What the task asks: Exactly the lines from the beginning of the records below through the line with "والتقى سماحة المرجع" must be given again, without pictures.

Records from a collection:
····················
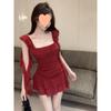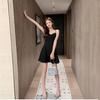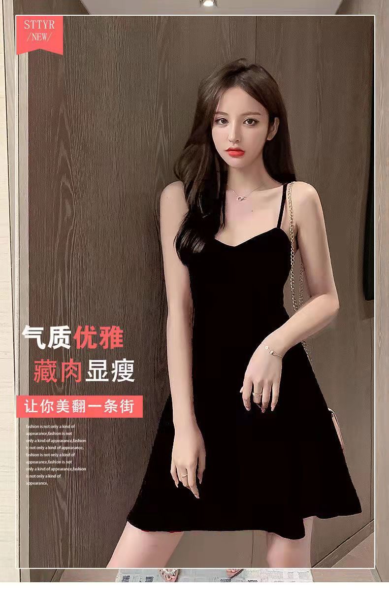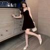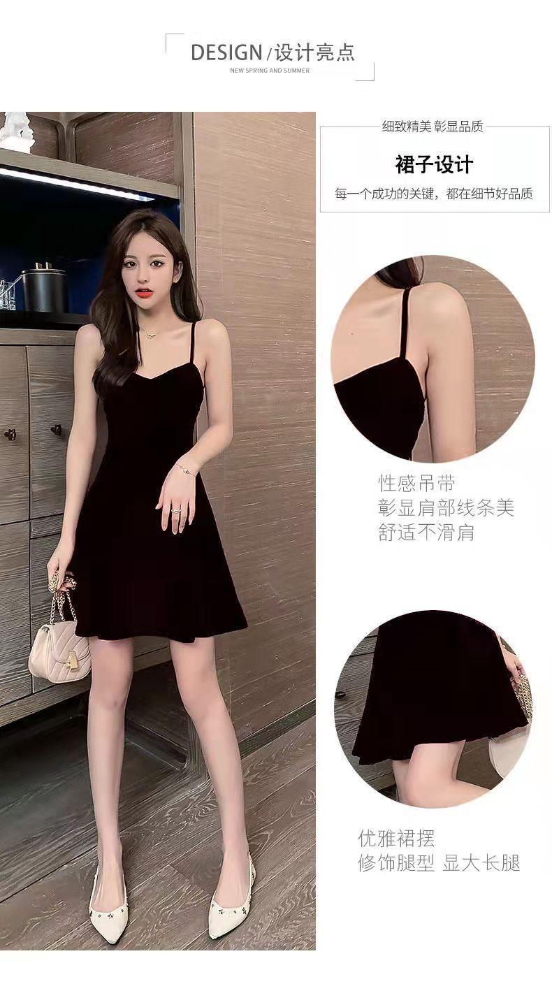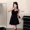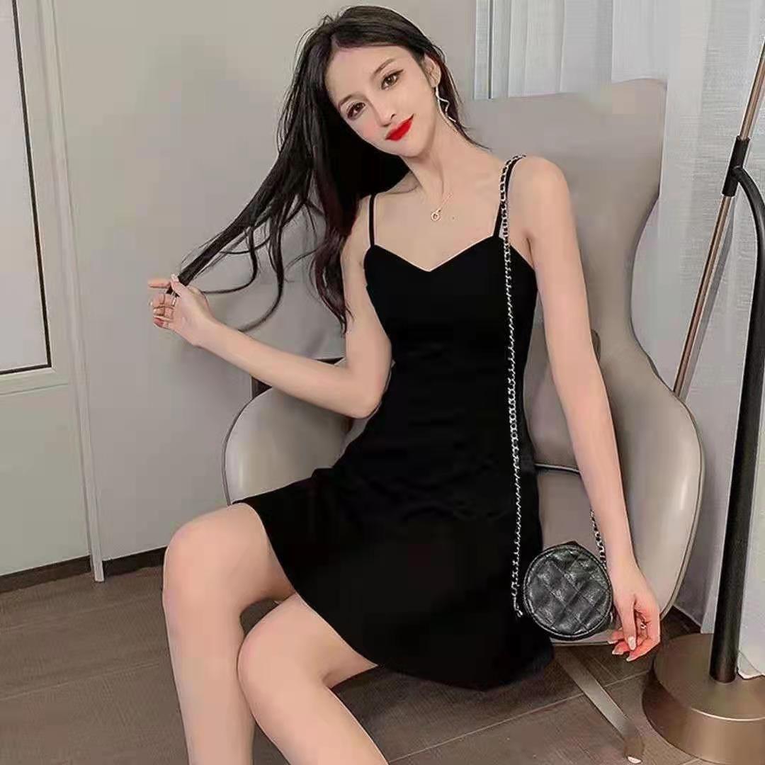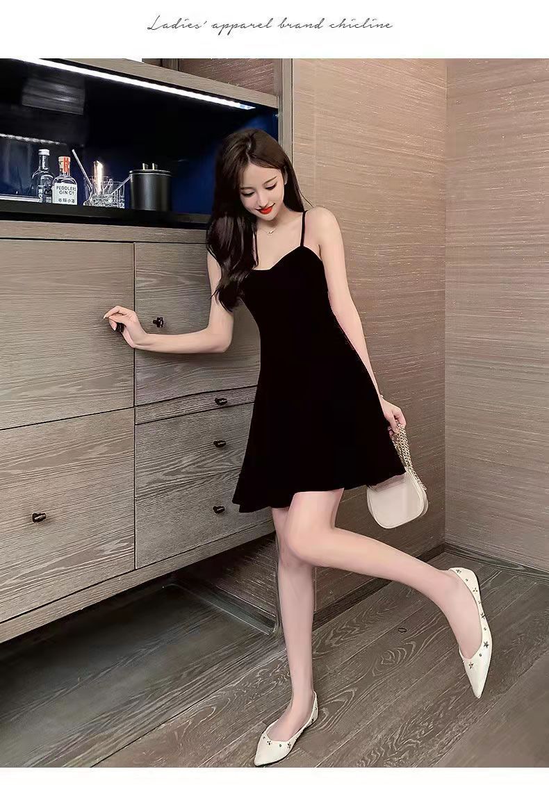 Vestido Corto Negro Petite de Línea A para Mujer, Vestido Sexy de Tirantes con Cuello en V para Club Nocturno de Verano, Vestido de Playa Adelgazante y Elegante
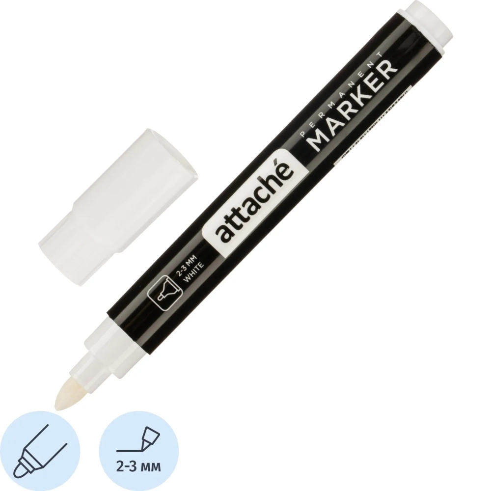 Маркер перманентный Attache, 2-3 мм, белый, кругл. наконечник, масл. основа
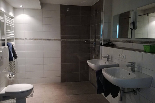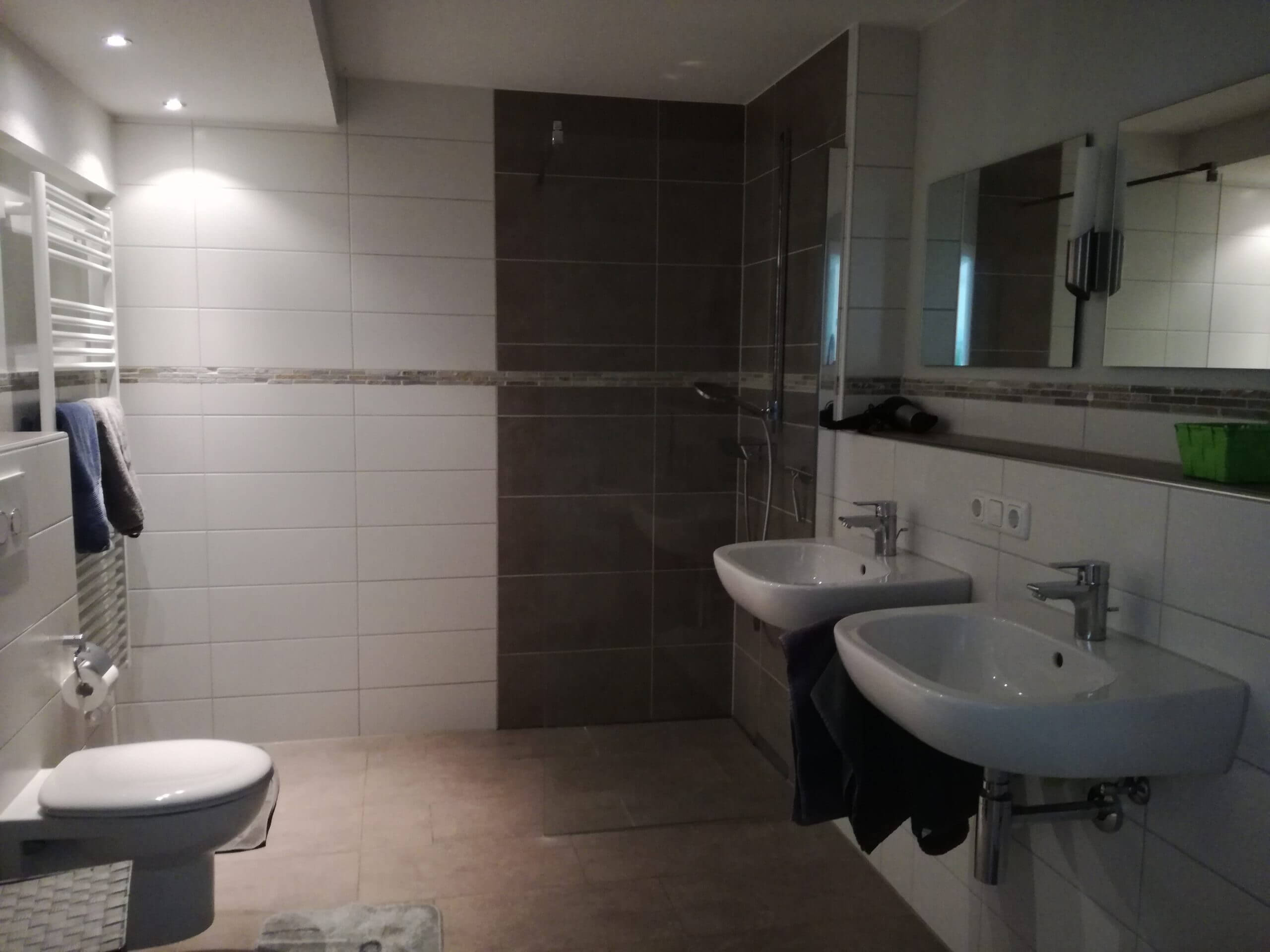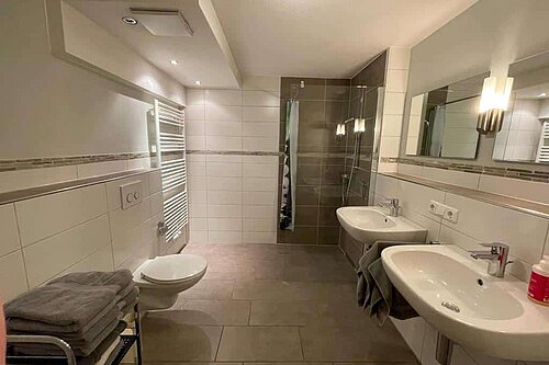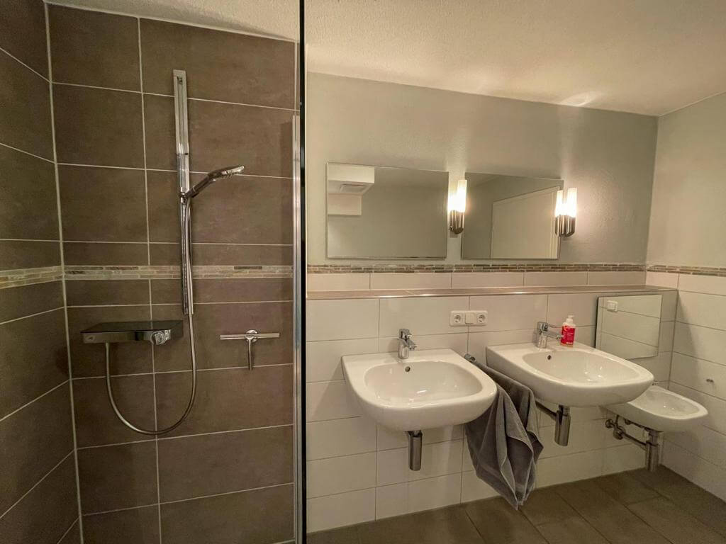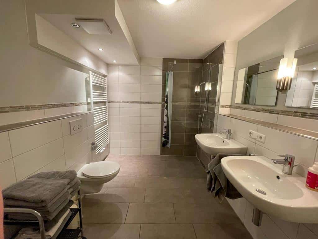 - Badezimmer mit WC/Dusche, separates Kinderwaschbecken, Handtücher, Fön
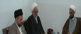 والتقى سماحة المرجع الديني الشيخ حسين بن علي المنتظري وسماحة المرجع الديني السيد صادق الشيرازي والفقيه المحقق الشيخ جعفر السبحاني.
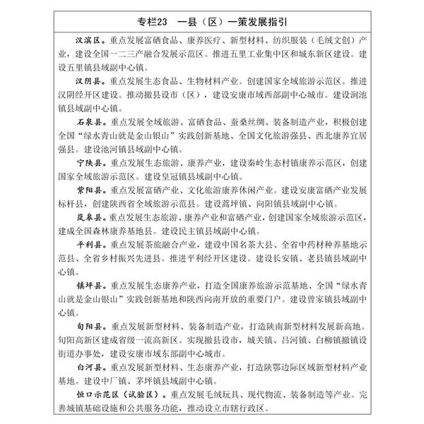 構(gòu)建“一核、兩心、兩帶、多點”新型城鎮(zhèn)化格局。一核:以中心城市為核心,推動瀛湖生態(tài)旅游區(qū)、恒口示范區(qū)(試驗區(qū))融入中心城市發(fā)展。兩心:推進(jìn)漢陰、旬陽市域副中心城市建設(shè)。兩帶:月河川道城鎮(zhèn)帶,統(tǒng)籌中心城市—恒口—漢陰—石泉協(xié)同發(fā)展,建設(shè)城鄉(xiāng)統(tǒng)籌示范區(qū)、新型工業(yè)聚集區(qū)、綠色發(fā)展引領(lǐng)區(qū)。漢江生態(tài)城鎮(zhèn)帶,以漢濱、石泉、旬陽為核心,漢陰、紫陽、嵐皋、白河為節(jié)點,輻射帶動其他區(qū)域,打造三產(chǎn)融合發(fā)展的漢江生態(tài)城鎮(zhèn)帶。多點:以其他縣城、重點鎮(zhèn)、縣域工業(yè)集中區(qū)、現(xiàn)代農(nóng)業(yè)園區(qū)和旅游景區(qū)為節(jié)點,打造縣域經(jīng)濟(jì)增長極。
····················
Task solution:
 Vestido Corto Negro Petite de Línea A para Mujer, Vestido Sexy de Tirantes con Cuello en V para Club Nocturno de Verano, Vestido de Playa Adelgazante y Elegante
 Маркер перманентный Attache, 2-3 мм, белый, кругл. наконечник, масл. основа
 - Badezimmer mit WC/Dusche, separates Kinderwaschbecken, Handtücher, Fön
 والتقى سماحة المرجع الديني الشيخ حسين بن علي المنتظري وسماحة المرجع الديني السيد صادق الشيرازي والفقيه المحقق الشيخ جعفر السبحاني.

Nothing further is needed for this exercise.